Las prácticas pedagógicas de los docentes del tercer milenio deben estar signadas por la
rigurosa planeación, con un clara intención sobre lo que se desea que el estudiante aprenda,
por el uso de una gran variedad de recursos para la enseñanza, por la creación de ambientes
diversos y estimulantes para el aprendizaje, por la promoción del trabajo colaborativo entre
los estudiantes para enseñar con ello que el conocimiento es una creación colectiva y que
en el respeto a la diversidad se da la verdadera convivencia. Las prácticas pedagógicas
deben estar permeadas por el amor, el respeto y la escucha, deben dar cuenta de acciones
justas, equitativas y democráticas, y deben estar despojadas de cualquier actitud punitiva
para valorar los aprendizajes de los estudiantes.

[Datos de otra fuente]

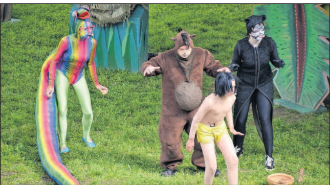
Impressionen der Theateraufführung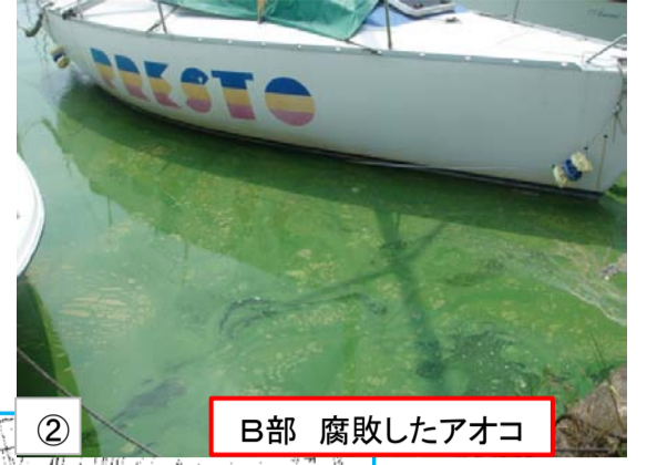
② B部 腐敗したアオコ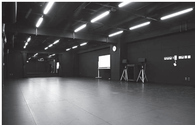
たなか舞台芸術スタジオ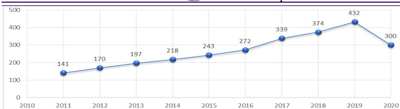
Qrafik 3. COVID-19 pandemiyasının Azərbaycanda fəaliyyət göstərən səyahət agentlikləri və tur operatorların sayına təsiri, ədədlə

(Azərbaycan Respublikasının Dövlət Statistika Komitəsinin məlumatları əsasında müəllif tərəfindən tərtib edilmişdir)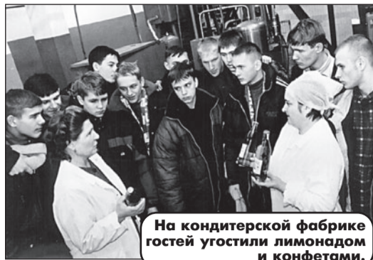
На кондитерской фабрике гостей угостили лимонадом и конфетами.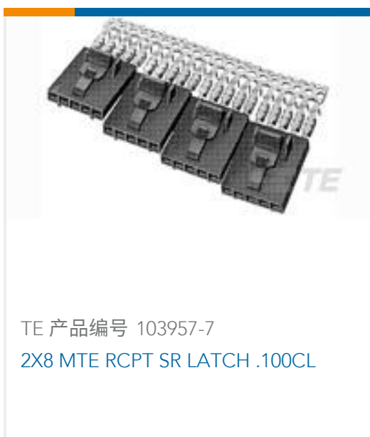
TE 产品编号 103957-7 2X8 MTE RCPT SR LATCH .100CL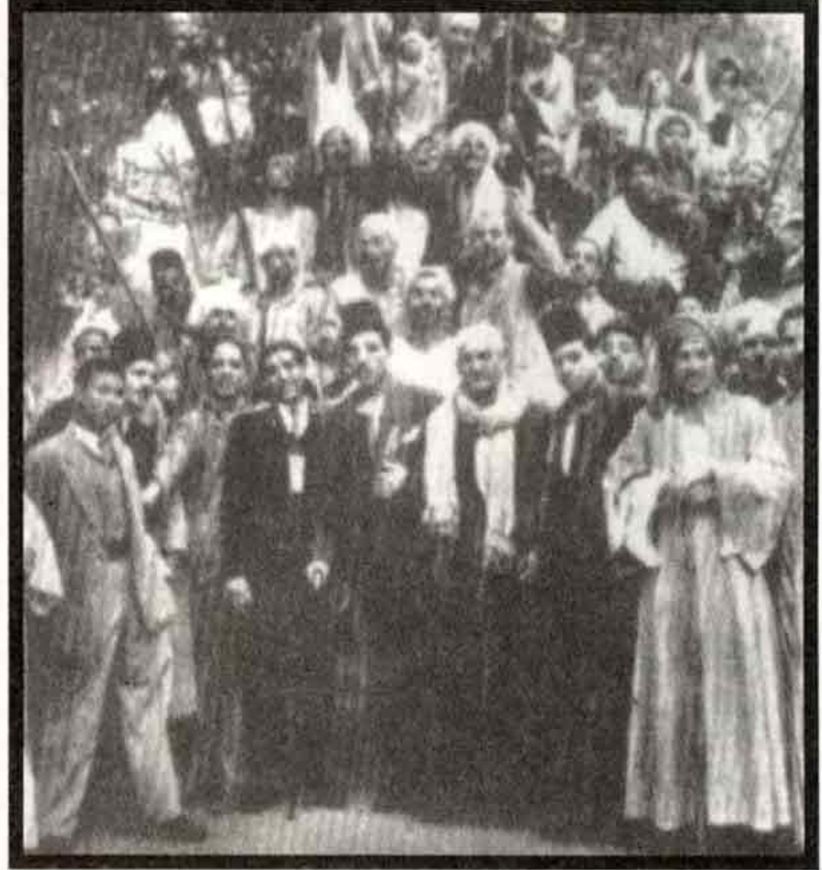
العصى والشوم اللغة الوحيدة في انتخابات ١٩٣٠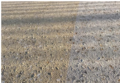
Les deux finitions de béton : ocre clair à gauche et gris clair à droite.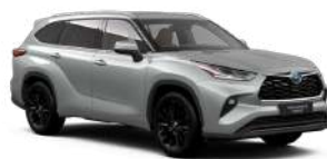
1J9 Сріблястий, металік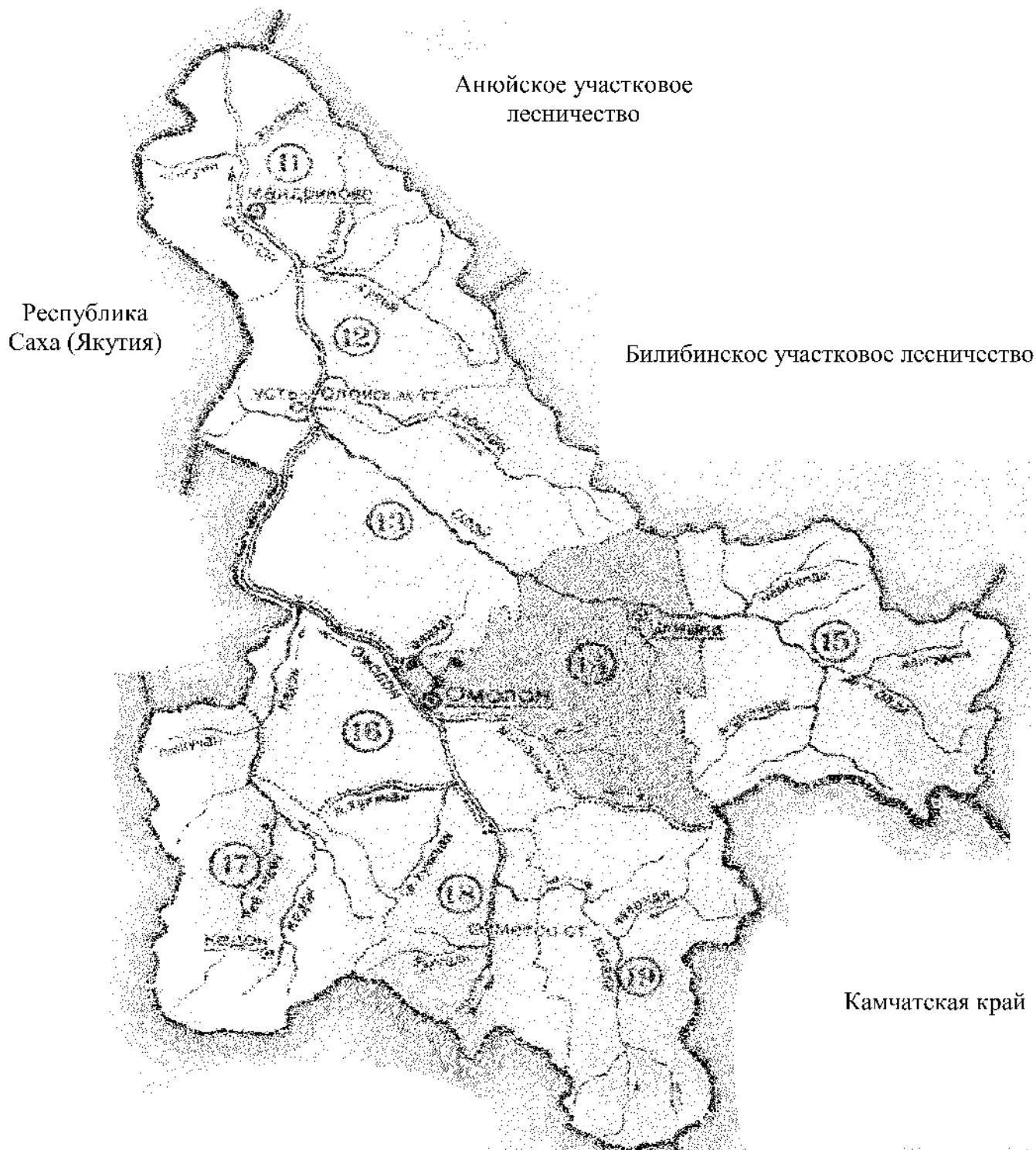
СХЕМА ТЕРРИТОРИИ Омолонского участкового лесничества Чукотского лесничества, на которой вводится особый противопожарный режим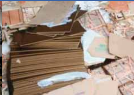
Mercancía dañada en el puerto de descarga

Lo anterior, pone de manifiesto que el docente debe enseñar no solo desde el saber
científico que posee, sino también y especialmente desde lo que es como ser humano. “El
profesor no solo, ni quizá principalmente, enseña con sus meros conocimientos científicos,
sino con el arte persuasivo de su ascendiente sobre quienes le atienden: debe ser capaz de
seducir sin hipnotizar. ¡Cuántas veces la vocación del alumno se despierta más por adhesión
a un maestro preferido que a la materia misma que éste imparte! Quizá la excesiva
personalidad del maestro pueda dificultar o aún pervertir su función de mediador social
ante los jóvenes, pero tengo por indudable que sin una cierta personalidad, el maestro
deja de serlo y se convierte es desganado gramófono o en policía ocasional” (Savater, 1999,
p. 111)
Si bien es cierto, los docentes del tercer milenio deben poseer una sólida formación en el
saber que enseña y manejar las herramientas tecnológicas que le posibiliten por una parte
estar permanentemente actualizados y por otra proponer nuevas formas de aprender al tenor
de los intereses de quienes aprenden, también lo es, que los docentes demandan hoy más
que nunca un actuar coherente con su discurso sobre su interés en el aprendizaje de sus
estudiantes. En este sentido Bain (2007) plantea que “las prácticas de los mejores
profesores resultan de una preocupación por el aprendizaje que sienten intensamente y
comunican con convicción”( p. 155). Este real interés por el aprendizaje genera un clima de
confianza entre el docente y el estudiante que posibilita una mejor comunicación. En la
investigación realizada por Bain (2007), se encontró que “ésta confianza significaba que los
profesores creían firmemente que los estudiantes deseaban aprender, y asumían, mientras
no se probara lo contrario, que podían aprender. Esa actitud se reflejaba en los motivos de
pequeñas y grandes prácticas. Conducía a grandes expectativas y a la costumbre de mirar
puertas adentro ante cualquier problema en lugar de echar la culpa a ciertas pretendidas
deficiencias de los estudiantes”( p. 157). El reto entonces es promover en las instituciones
educativas unas prácticas pedagógicas que inviten al fortalecimiento de la confianza en sí
mismos, a la autovaloración, a la valoración del otro, al respeto de sus diferencias, prácticas
que estimulen la humanización. Bien lo afirma Gardner (2005) “La educación en el
futuro debería ayudar a más personas a comprender las mejores cualidades de los mejores
seres humanos” ( p. 21).
Que la educación que soñamos y necesitamos para lograr la humanización del hombre y
las prácticas pedagógicas que se requieren para lograrlo, si bien continúen siendo solo una
utopía, nos sirvan de horizonte para caminar hacia este ideal.